• How to complete this task: In the entries below, find the line containing "Principales portadas de" and the line containing "Measurements (lying flat): Armpit". Copy those two lines and everything between them exactly, without the pictures.

• Dataset records:
::::
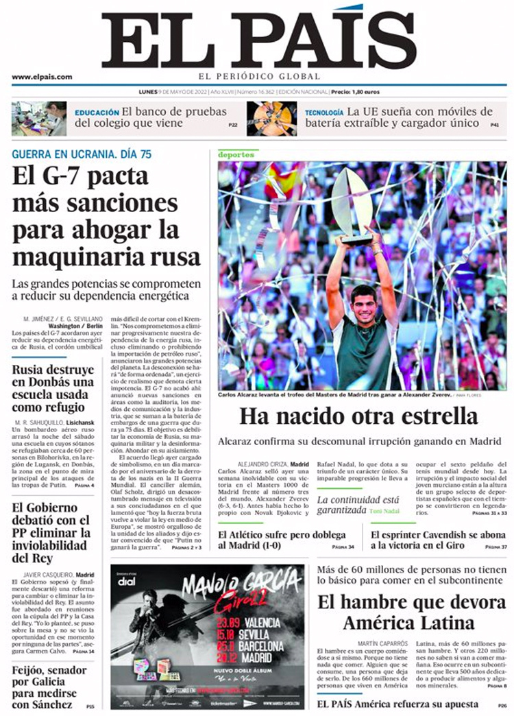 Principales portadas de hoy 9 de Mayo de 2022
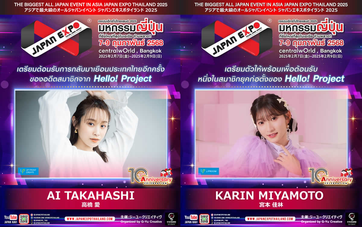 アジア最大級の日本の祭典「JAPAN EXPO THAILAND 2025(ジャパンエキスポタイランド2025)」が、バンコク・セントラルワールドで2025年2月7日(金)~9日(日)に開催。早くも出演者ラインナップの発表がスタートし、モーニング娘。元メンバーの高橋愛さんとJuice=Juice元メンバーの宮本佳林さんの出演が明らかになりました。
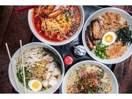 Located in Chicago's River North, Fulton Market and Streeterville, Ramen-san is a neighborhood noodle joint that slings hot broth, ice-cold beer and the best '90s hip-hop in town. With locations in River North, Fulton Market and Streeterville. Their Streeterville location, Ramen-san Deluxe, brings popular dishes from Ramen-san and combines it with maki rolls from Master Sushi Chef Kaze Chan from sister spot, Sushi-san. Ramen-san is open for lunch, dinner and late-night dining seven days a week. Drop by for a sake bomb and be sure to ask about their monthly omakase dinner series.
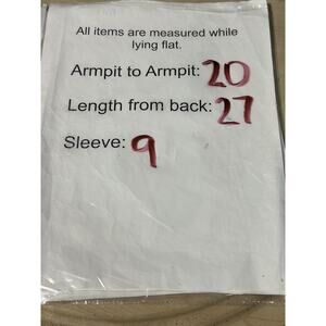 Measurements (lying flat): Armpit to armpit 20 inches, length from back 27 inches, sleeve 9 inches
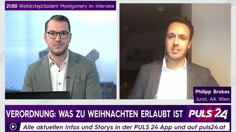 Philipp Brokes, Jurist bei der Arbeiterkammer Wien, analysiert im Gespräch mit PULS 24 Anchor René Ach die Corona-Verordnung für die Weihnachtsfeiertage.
::::
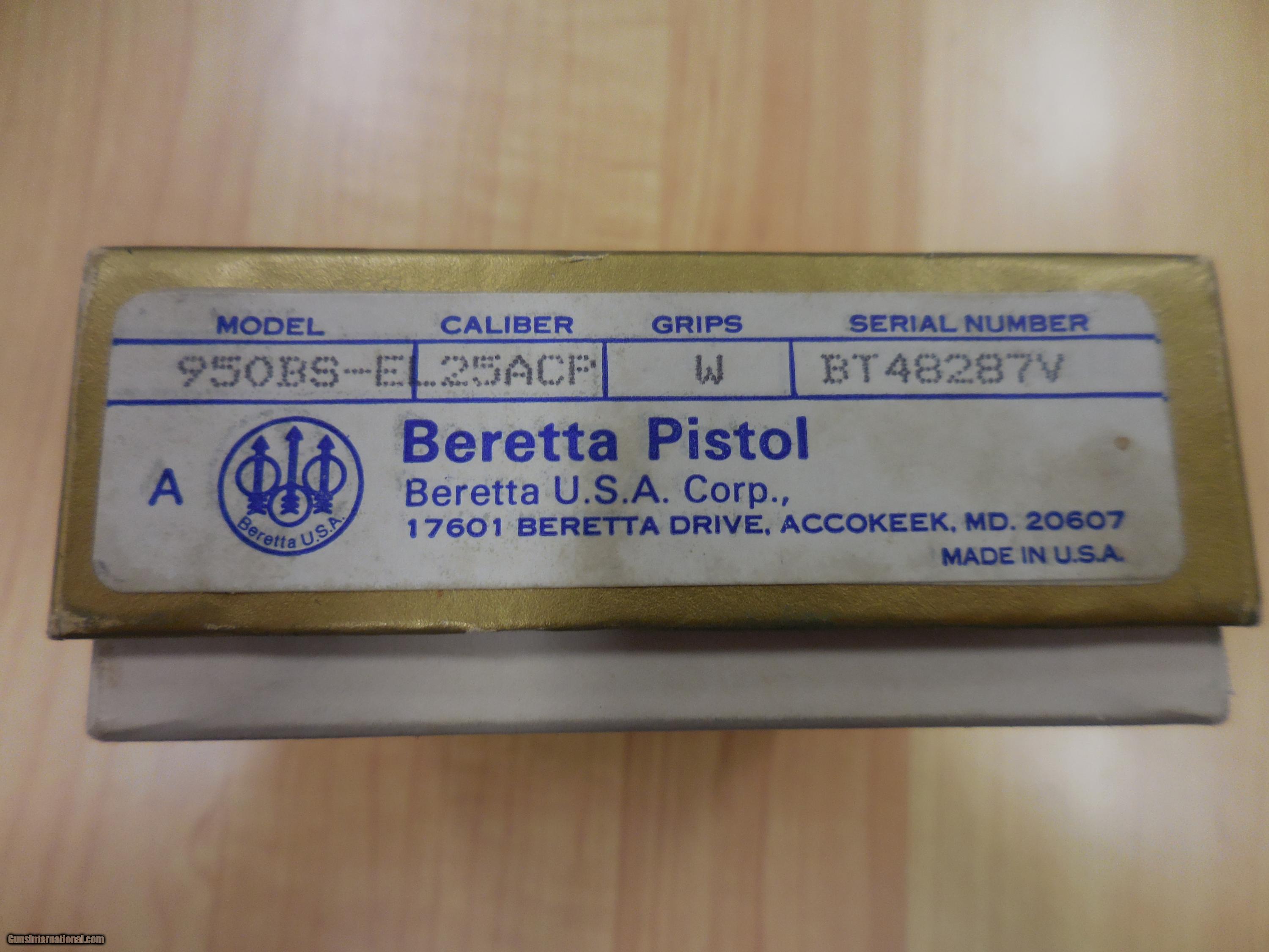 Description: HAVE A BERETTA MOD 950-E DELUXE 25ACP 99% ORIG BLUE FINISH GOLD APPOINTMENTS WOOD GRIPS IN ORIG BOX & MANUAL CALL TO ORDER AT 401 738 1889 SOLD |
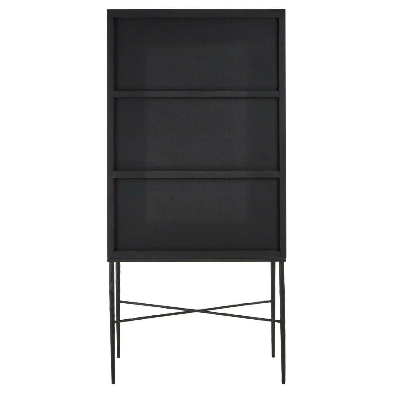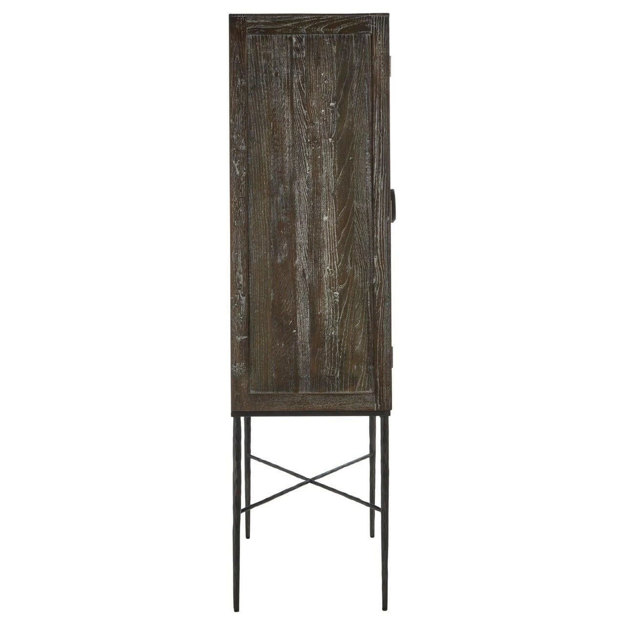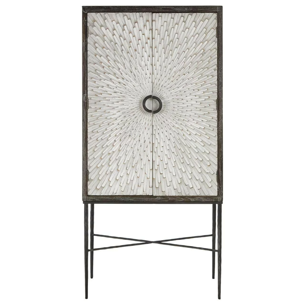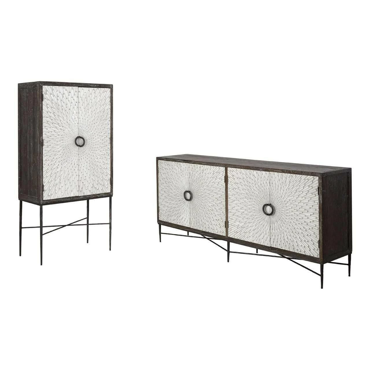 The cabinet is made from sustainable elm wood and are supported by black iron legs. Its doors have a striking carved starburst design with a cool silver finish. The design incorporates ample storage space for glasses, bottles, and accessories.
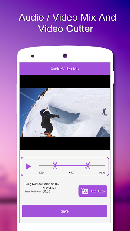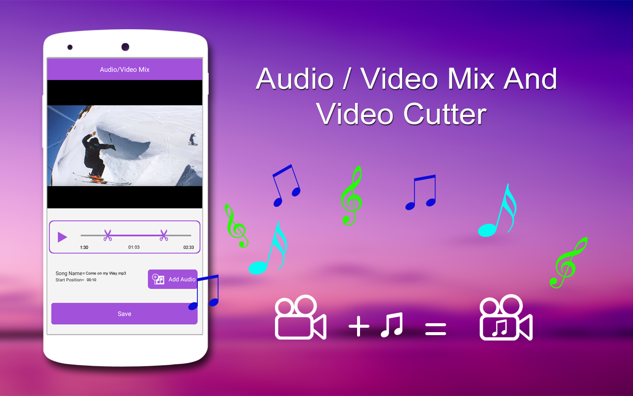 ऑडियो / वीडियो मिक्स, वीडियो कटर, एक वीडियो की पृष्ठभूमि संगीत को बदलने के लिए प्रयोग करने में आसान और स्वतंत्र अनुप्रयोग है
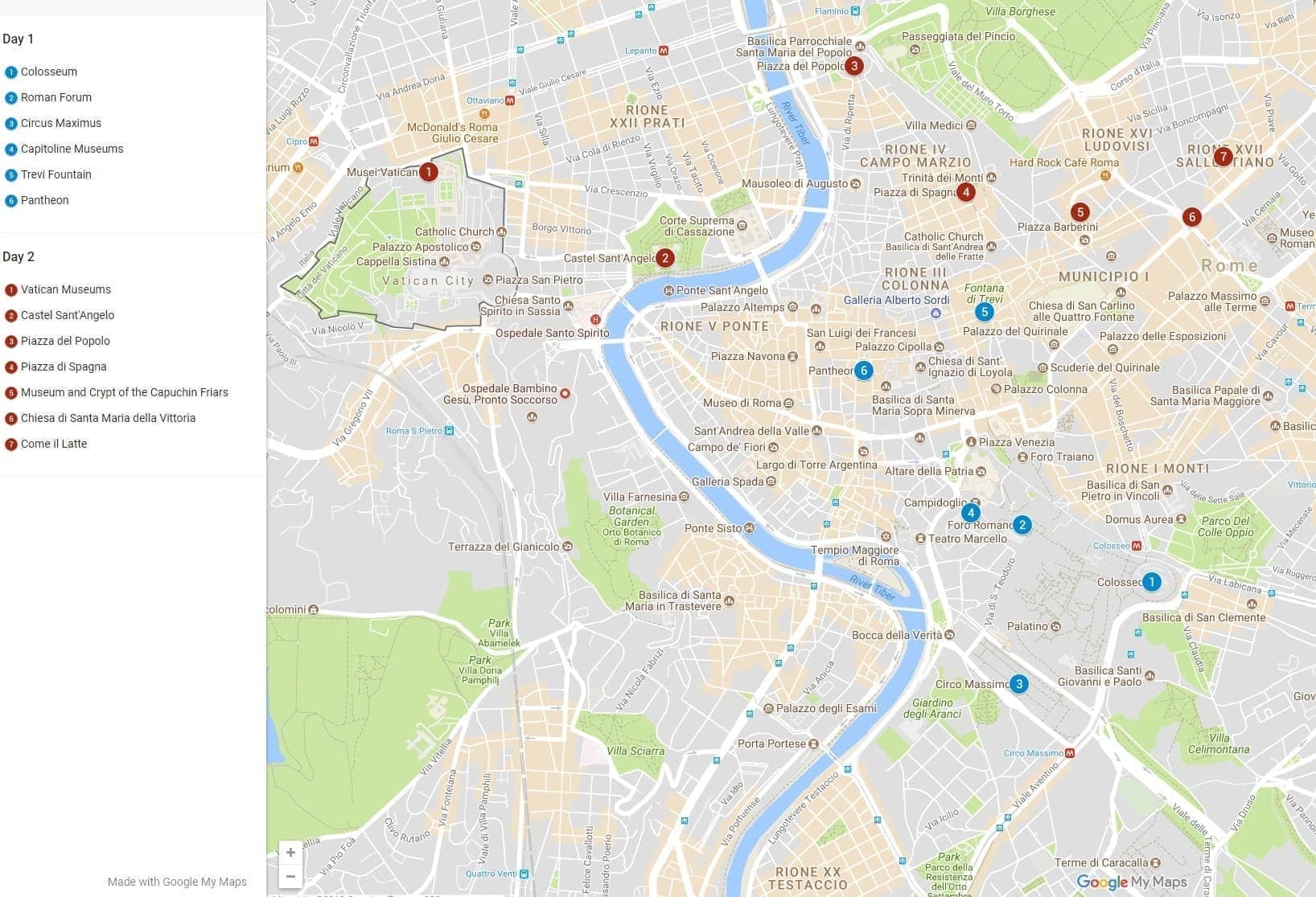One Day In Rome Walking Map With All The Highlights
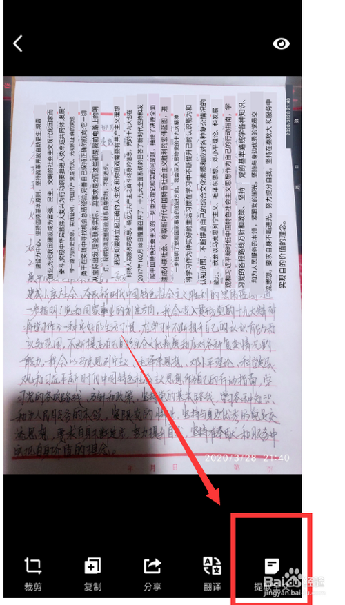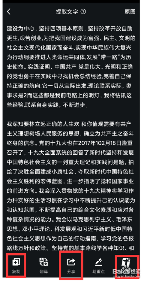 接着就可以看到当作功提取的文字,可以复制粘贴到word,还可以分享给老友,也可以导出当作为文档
::::
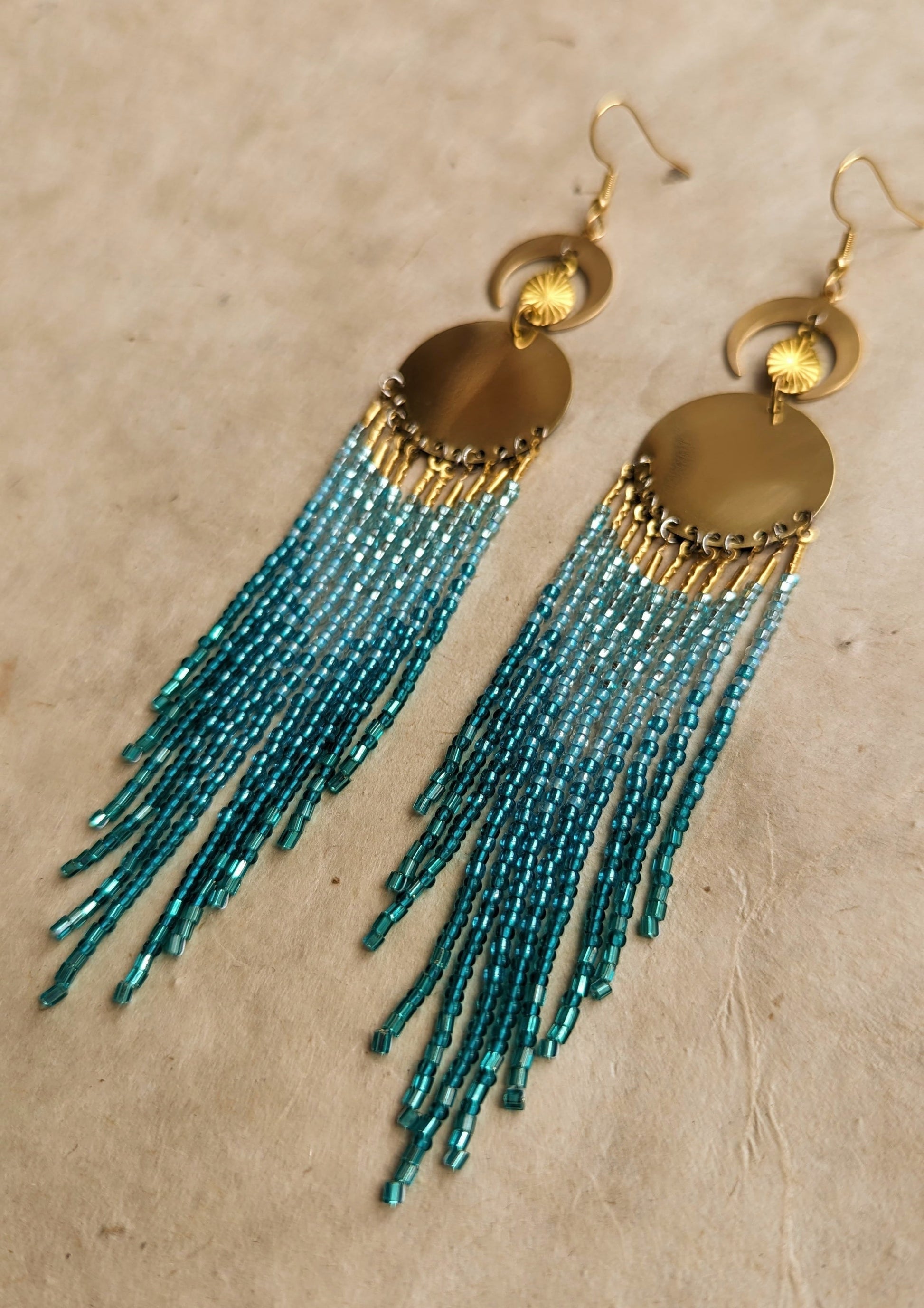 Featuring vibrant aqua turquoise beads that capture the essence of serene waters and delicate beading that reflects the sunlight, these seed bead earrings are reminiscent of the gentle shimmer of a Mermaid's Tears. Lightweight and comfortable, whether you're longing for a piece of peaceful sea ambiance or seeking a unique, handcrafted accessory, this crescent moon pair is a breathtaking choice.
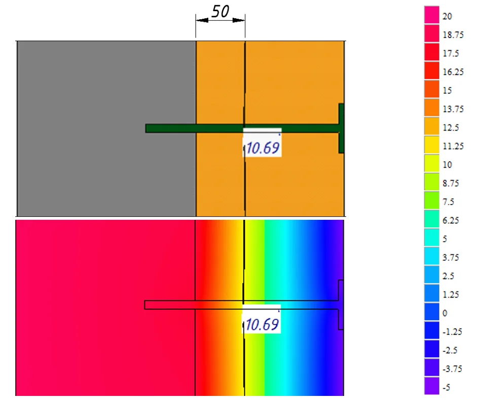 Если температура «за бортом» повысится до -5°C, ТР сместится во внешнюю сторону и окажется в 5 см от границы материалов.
::::
• Output for this exercise:
 Principales portadas de hoy 9 de Mayo de 2022
 アジア最大級の日本の祭典「JAPAN EXPO THAILAND 2025(ジャパンエキスポタイランド2025)」が、バンコク・セントラルワールドで2025年2月7日(金)~9日(日)に開催。早くも出演者ラインナップの発表がスタートし、モーニング娘。元メンバーの高橋愛さんとJuice=Juice元メンバーの宮本佳林さんの出演が明らかになりました。
 Located in Chicago's River North, Fulton Market and Streeterville, Ramen-san is a neighborhood noodle joint that slings hot broth, ice-cold beer and the best '90s hip-hop in town. With locations in River North, Fulton Market and Streeterville. Their Streeterville location, Ramen-san Deluxe, brings popular dishes from Ramen-san and combines it with maki rolls from Master Sushi Chef Kaze Chan from sister spot, Sushi-san. Ramen-san is open for lunch, dinner and late-night dining seven days a week. Drop by for a sake bomb and be sure to ask about their monthly omakase dinner series.
 Measurements (lying flat): Armpit to armpit 20 inches, length from back 27 inches, sleeve 9 inches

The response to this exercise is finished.